I’ve been doing problems on recursion in my Data Structures & Algorithms class and for some tail-recursive functions I couldn’t think of doing anything but having the main function call a helper function and the helper function being the tail recursive part since I had to pass different parameters than the original function.

While this is technically tail-recursive the original function is the one that ends up handling the base cases and in the main case passes the additional parameters to the actual tail recursive function.

Obviously this sort of defeats the idea of recursion, especially in a class setting for homework, exams and such.

That’s why today I thought, instead of making a helper function, couldn’t I make an overloaded version of the function that accepts those additional parameters and continues the work?

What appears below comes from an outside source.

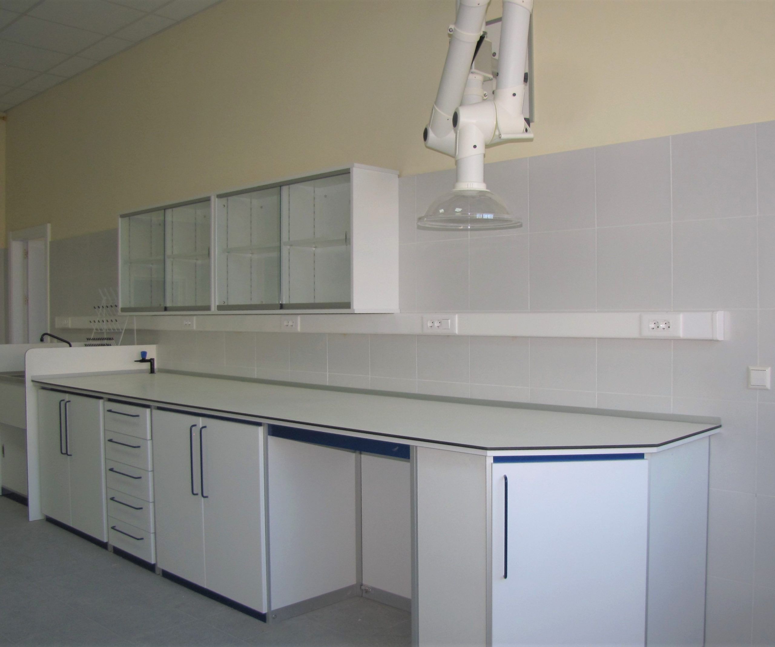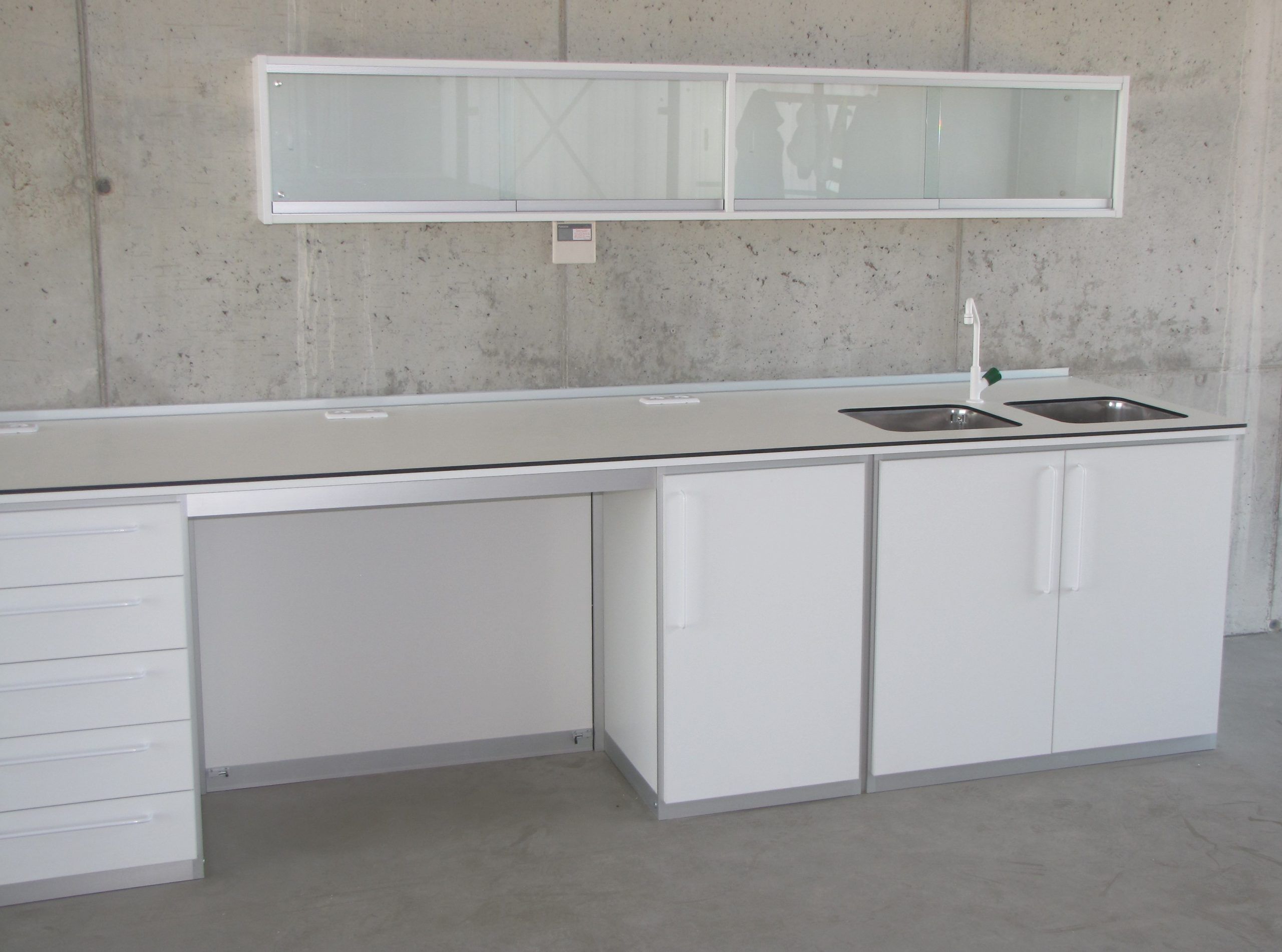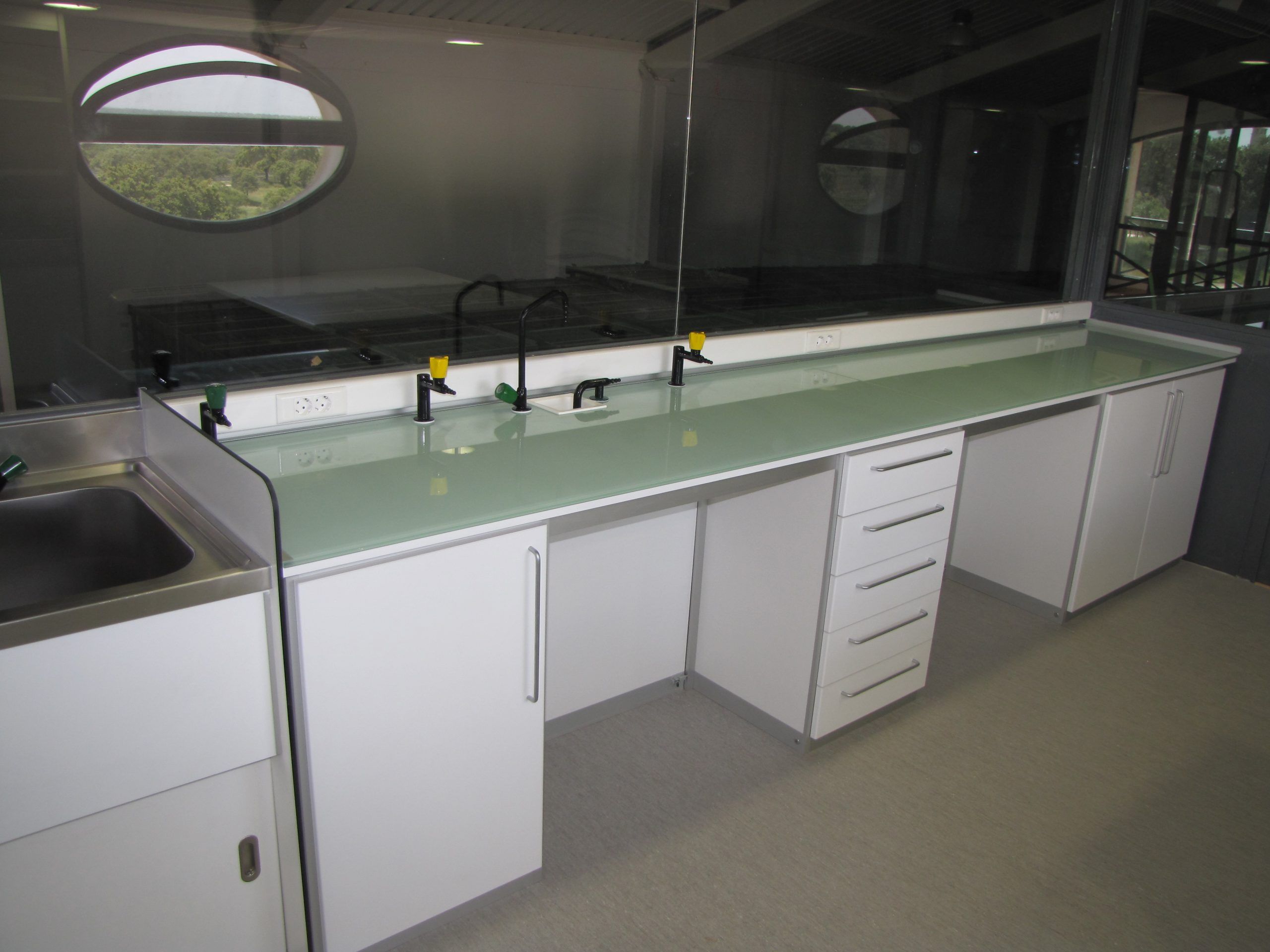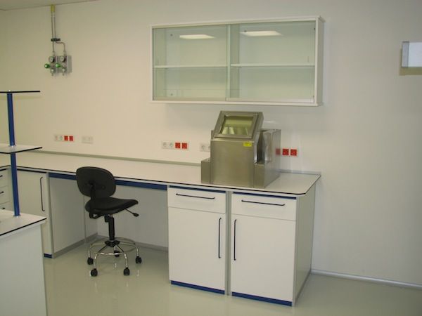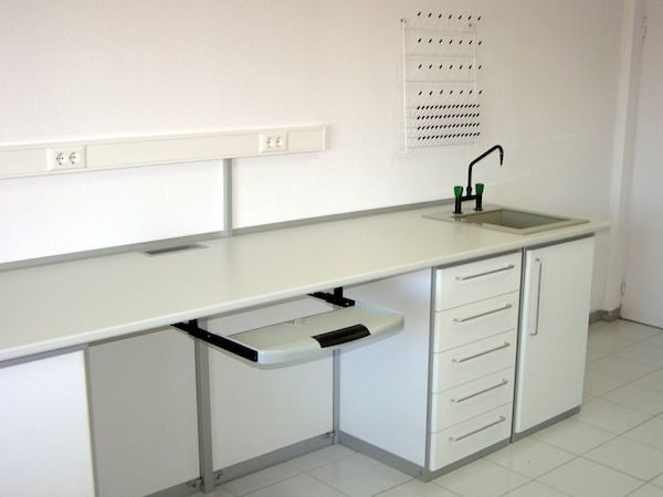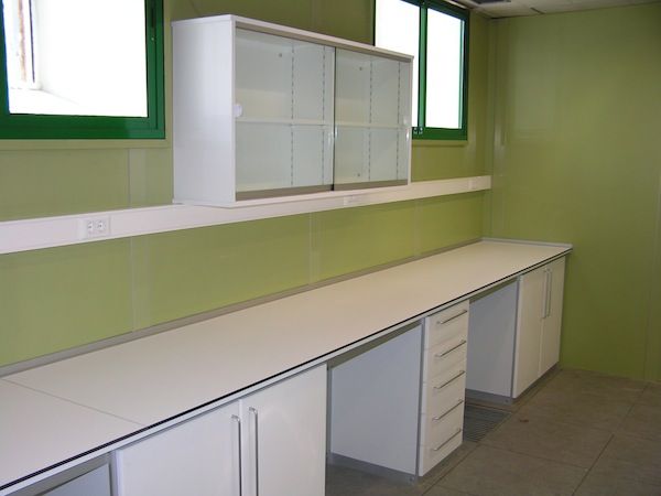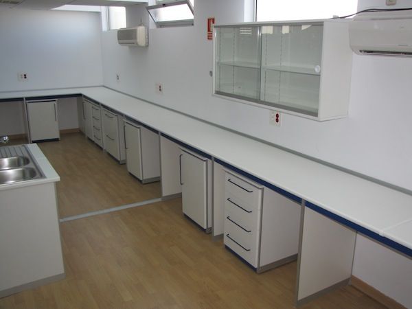 Mesas Murales fabricadas a medida, con encimera de estratificado, resinas, gres, granito, o acero inoxidable, según el trabajo que se vaya a desarrollar sobre ella. Muebles bajo encimera con puertas batientes o correderas, o con cajones. Tomas eléctricas en torretas, o en canaleta fija a la pared Fregaderos de acero inoxidable o de polipropileno, con grifería especial para laboratorio. Dependiendo de sus necesidades.

It would technically be recursive since all the calls in the function are to itself, albeit with more parameters than the initial call.

Here’s a rough example:

int fibonacci(int n) {
    if (n == 1)
        return 1;
    else
        return fibonacci(n, 2, 1, 2);
}

int fibonacci(int n, int f1, int f2, int c) {
    if (c == n)
        return f1;
    else
        return fibonacci(n, f1 + f2, f1, c + 1);
}

Is it still recursion in the definition sense? Would it work? Would the compilers that do recursion optimization (don’t know how it works exactly, but know it exists) apply that to this?

I assume that it’s still recursion since it’s technically calling itself still and I would think it would optimize, just ignoring the initial call. But that’s why I’m asking, to see if I’m right or not.